▸ EXERCISE: Once the line holding "Following the tutorial, I" is found in the entries below, transcribe exactly every line up to and including the one holding "Yaşayış evində saxta", but leave out the pictures.

▸ EXTRACTED ENTRIES:
● ● ● ● ●

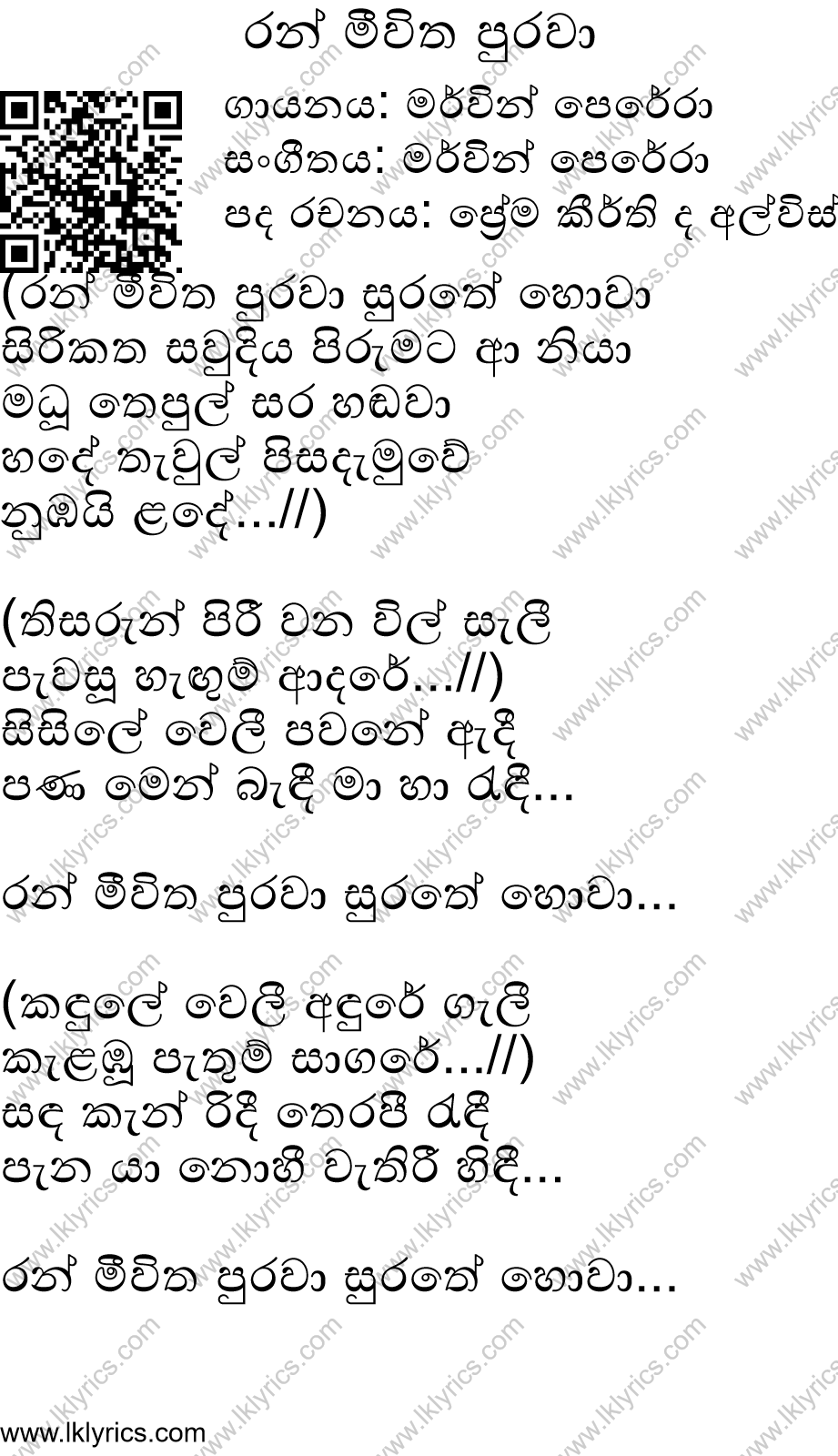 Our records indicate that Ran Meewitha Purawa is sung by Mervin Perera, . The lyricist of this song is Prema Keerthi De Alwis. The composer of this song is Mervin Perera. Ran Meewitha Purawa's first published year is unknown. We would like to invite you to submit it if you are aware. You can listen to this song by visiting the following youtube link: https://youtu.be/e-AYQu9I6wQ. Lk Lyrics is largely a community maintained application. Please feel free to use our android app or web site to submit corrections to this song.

● ● ● ● ●

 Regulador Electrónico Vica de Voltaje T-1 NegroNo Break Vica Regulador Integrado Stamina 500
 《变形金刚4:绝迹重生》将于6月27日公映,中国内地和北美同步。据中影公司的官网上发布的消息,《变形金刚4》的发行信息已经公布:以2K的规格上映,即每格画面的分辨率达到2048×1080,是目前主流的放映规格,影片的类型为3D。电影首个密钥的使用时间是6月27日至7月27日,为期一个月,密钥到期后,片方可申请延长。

● ● ● ● ●

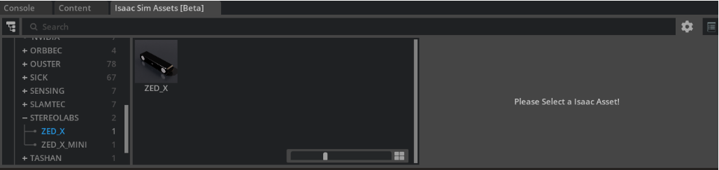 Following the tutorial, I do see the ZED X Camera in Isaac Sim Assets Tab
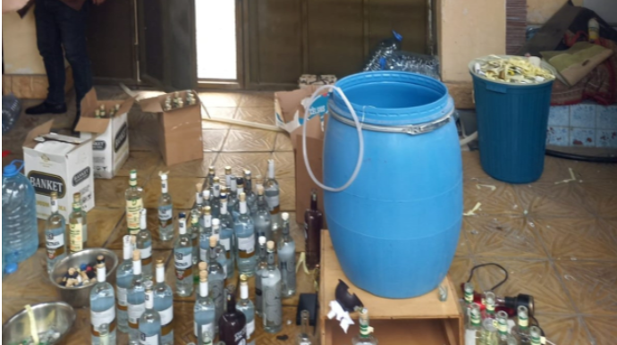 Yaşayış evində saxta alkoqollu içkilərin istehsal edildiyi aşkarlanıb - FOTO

● ● ● ● ●

▸ COMPLETED EXERCISE:
 Following the tutorial, I do see the ZED X Camera in Isaac Sim Assets Tab
 Yaşayış evində saxta alkoqollu içkilərin istehsal edildiyi aşkarlanıb - FOTO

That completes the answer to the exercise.